Deviation

As I become older (!), wiser (?) and generally less interested in fiddling about with the innards of software, I’ve become acutely aware of aspects of software development which are more often than not the cause of issue.

Software design is intrinsically an ass-covering occupation. With most budgets and with even the most skilled developers, bugs will be created. Our role is to minimise the frequency and impact of bugs; to work on a basis of zero bugs is (with current development environments) a largely futile exercise.

Computer programming is largely about a series of transitional actions. Functions take an input and produce an output. Cause and effect. This is why unit tests feature in so many programmers’ armouries – they offer a systematic, highly repeatable way of testing that a given function works as expected.

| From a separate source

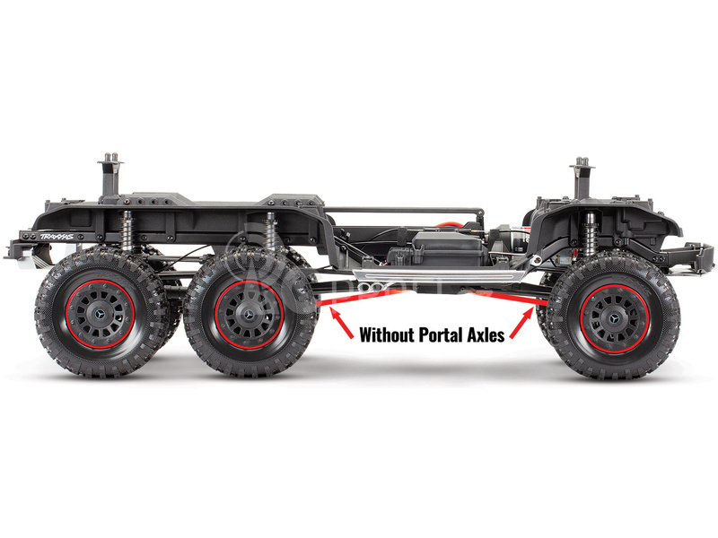 Šasi TRX-6 používá portálové nápravy s nápravovou převodovkou. Nápravová převodovka zvyšuje světlou výšku, snižuje namáhání diferenciálů, převodovky, kardanových hřídelí a dále se snižuje torzní síla - model se méně naklápí

The complexity of functions can be guessed from the number of external inputs they take. The ease of testing is reduced every time the number of inputs increases. This becomes far more complicated when global scope or environment variables come into play – something often overlooked when testing.

So, when building up functions my first soon is to remove as many variable inputs as possible. I treat globals as positively evil, and avoid them unless necessary. Functions with many inputs are also treated with caution. What is a function doing with so many variable inputs? It usually suggests a chain of conditional statements – perhaps the function needs to be split.

Optimisation is another poisonous part of programming. Generally if a cache or other optimisation mechanism is implemented it adds an aspect of unpredictability to the application – another input (or factor) we need to consider when writing and testing. Most developers will implement some form of optimisation without giving it a second thought – a global database connection for instance persists state between functions, which gives an unexpected input for testing purposes.

I accept that optimisations in most cases are both necessary and quite tolerable, provided the developer is aware of them and takes necessary caution around them.

I start with a perfect system – the kind we might hear about in compute science theory. All functions perform one action only, in isolation. There are no globals. Everything is real-time (no offline mode or synchronisation). Then I begin to unravel the optimisations applied. Caching. Globals. Offline mode. Each of these is treated as an unwelcome guest; an unfortunate consequence of our imperfect environments. They are necessary – we live in the real world – but every single one is a potential source of headaches.

This might all sounds like a pursuit of the unachievable dream. I did after all start by saying that zero bug policies are futile, but I do believe we can make as much effort as is reasonably possible to head in that direction, and my personal goal is to avoid as many optimisations as absolutely possible.